10 Laws that relate to animal rights in India
- In the Prevention of Cruelty to Animals Act, 1960, Section 11 (i) deals with abandoning an animal, leaving it in suffering or pain due to starvation or thirst is a punishable offence. For the first time of such an incident, the fine is up to ₹50. Committing the same crime within three years. The person has to pay a fine of anything between ₹25 and ₹100. Or even face imprisonment of up to 3 months or both. Evidently, neither the fine nor imprisonment is strict enough to prevent people from harming animals.

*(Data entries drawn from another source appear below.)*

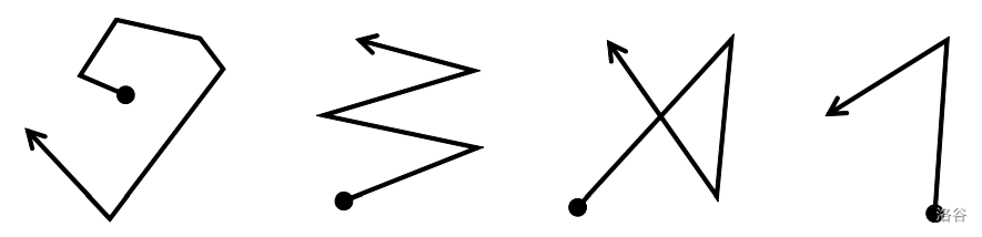 - At all of its vertices, the line segment directions turn clockwise.
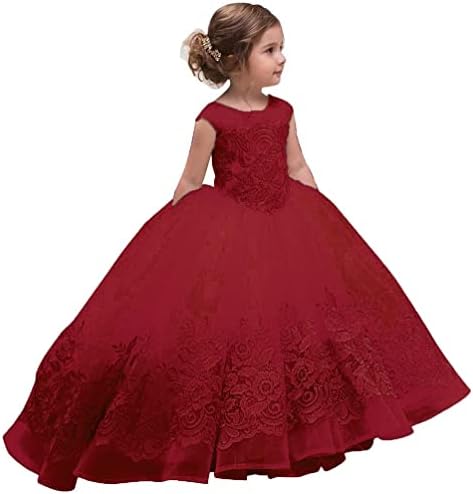 Lace Appliques Flower Girl Dresses for Wedding Kids Christmas Communion Ball Gowns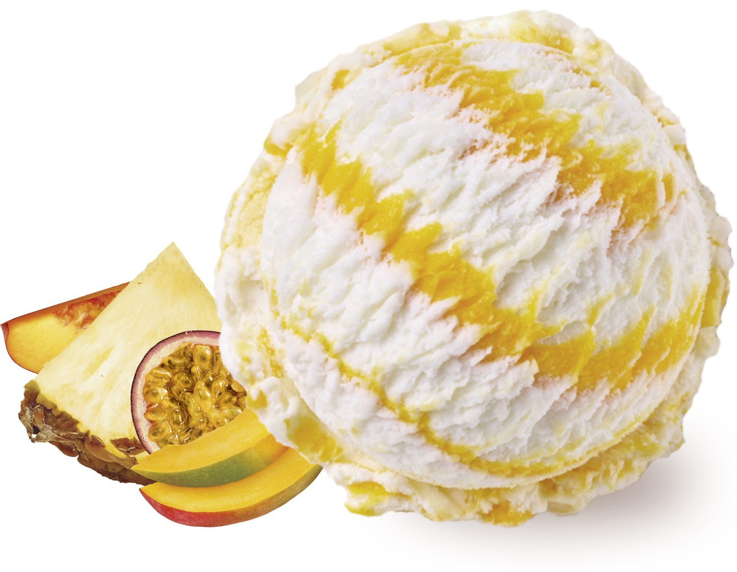 Ainesosat: Rasvaton MAITO, vesi, glukoosisiirappi, sokeri, glukoosi-fruktoosisiirappi, kookosrasva, ananasmehu tiivisteestä (3,5%), mangosose (2,5%), passionhedelmämehu (2,5%), persikkasose (2,5%), herajauhe (MAITO), stabilointiaineet (guarkumi, johanneksenleipäpuujauhe, tarakumi, karrageeni), emulgointiaineet (rasvahappojen mono- ja diglyseridit [kasviperäinen]), värit (karotenoidit), happamuudensäätöaine (sitruunahappo), aromi, luontainen vanilja-aromi. Saattaa sisältää MANTELIA, HASSELPÄHKINÖITÄ, SAKSANPÄHKINÖITÄ ja PISTAASIPÄHKINÖITÄ.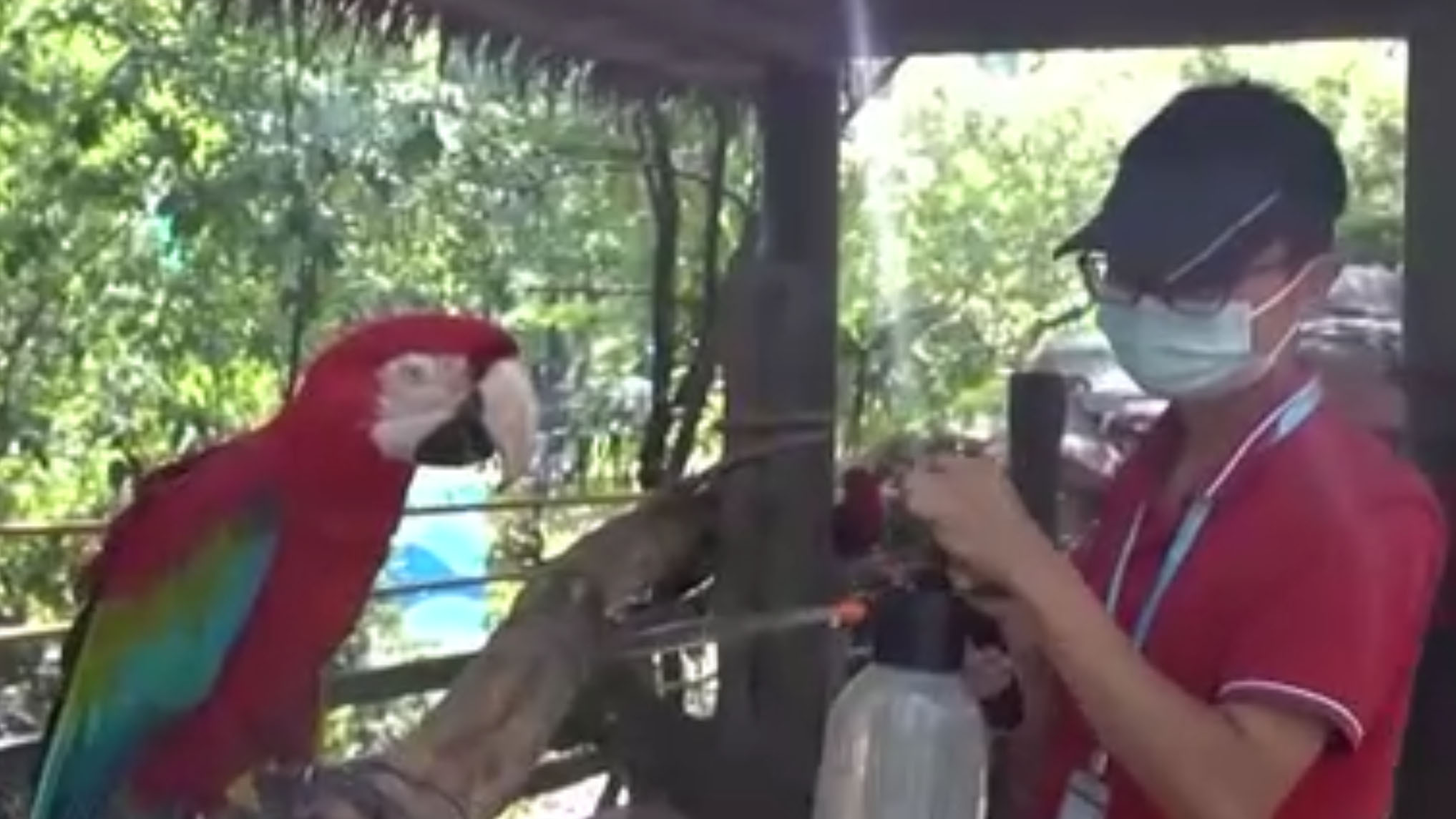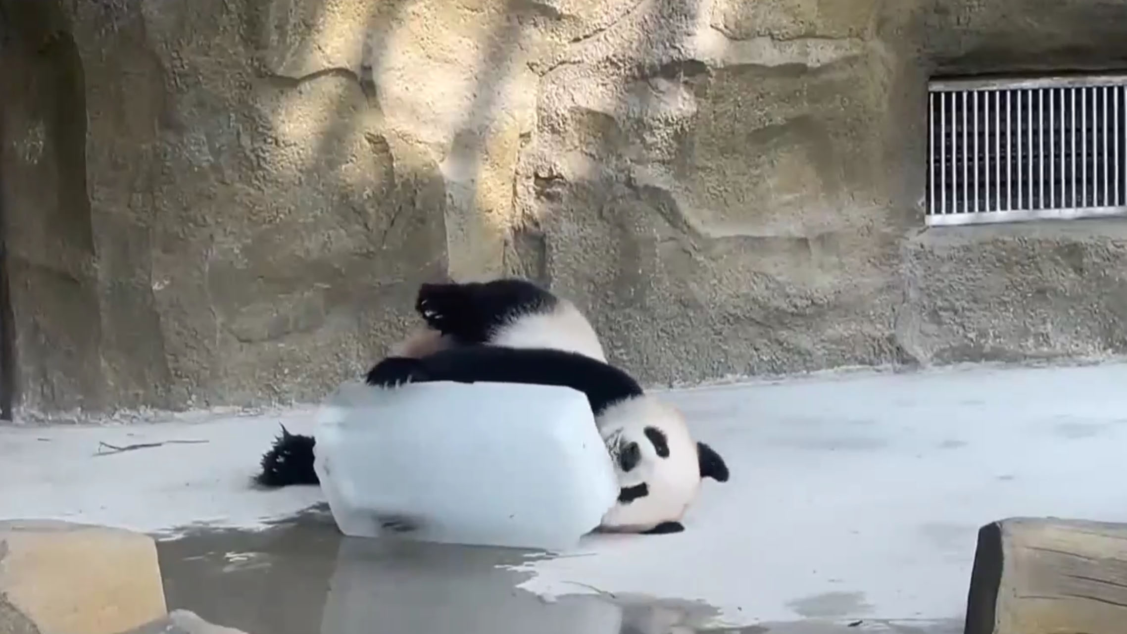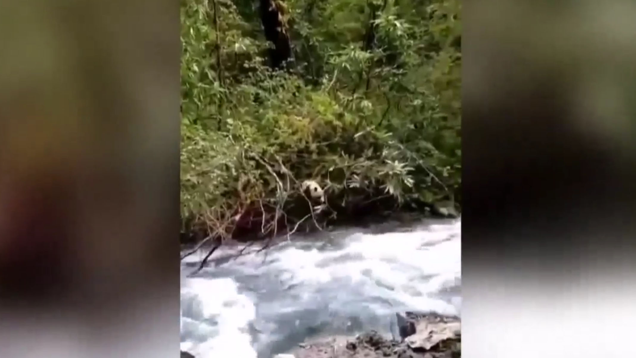 四川绵阳:大熊猫欲下山冲凉 河水湍急直叫唤

- Killing, poisoning, maiming or torturing an animal is a cognizable offence. It falls under Section 428 and Section 429 of the Indian Penal Code. The punishment includes rigorous imprisonment extending for up to 2 years or a fine or both. The fine is just ₹10 or above, the fine so less that it puts no value on an animal’s life.
- Animal Birth Control Rules 2001, prohibits the relocation of sterilized dogs. In the case of the non-sterilized dogs, the society can ask animal welfare organisations in India to sterilize and vaccinate it. But even they cannot relocate the dog from their area.
- According to the Animal Birth Control Rules 2001, under Section 38 of the Prevention of Cruelty to Animals Act 1960, dogs can be sterilized only when they have crossed the age of a minimum of 4 months.
- Furthermore, chaining, confining or keeping any animal for long hours in heavy chains or chords accounts for cruelty on the animal. It is punishable by a fine or imprisonment of up to 3 months or both.
Animals should not need our permission to live on this earth. Animals had the right to be here long before we arrived. – Anthony Douglas Williams, Inside The Divine Pattern
6. In case an owner is unable to provide enough food, drink or shelter. He/she is liable for punishment according to section 11 (1) (h) of The Prevention of Cruelty to Animals Act, 1960. It is a punishable offence. In such situations also the fine extends to mere ₹50. A subsequent crime committed within three years of the first one is fined with ₹25 – ₹100.
7. Slaughtering animals at places, like temples and streets, not licensed to do so is illegal. Covered under the Local Municipal Corporation Acts. It also falls under the Prevention of Cruelty to Animals Act, 1960, The Wildlife (Protection) Act, 1972, of Indian Penal Code (IPC).
8. Teasing, molesting, injuring, feeding or causing disturbance to any animal by noise or otherwise is prohibited. It comes under section 38(j) of Wildlife Protection Act, 1972. Anyone found guilty of this offence may face imprisonment. The punishment could be up to 3 years or a fine of up to Rs 25,000 or both.
9. According to the Wildlife Protection Act 1972, Section 16 (c) states any act to injure, destroy wild animals, birds or reptiles, causing harm or disturbing their eggs or nests as illegal. People who violate this law are liable to a jail term of 3 to 7 years along with a fine of Rs 25,000.
10. According to section 98 of the Transport of Animals Rules, 1978, an animal should be healthy and in good condition during transportation. Any animal that is sick or unfit for transport should not be transported. Furthermore, pregnant and very young animals should be transported separately.
The animal protection laws in India can work only when we are together in the process of animal protection act as the co-habitants. Let’s stand up for their rights and help them exist peacefully. Although there are a lot many animal welfare organisations in India, they need responsible citizens who can stand. To make animal rights in India more safe and animal-friendly.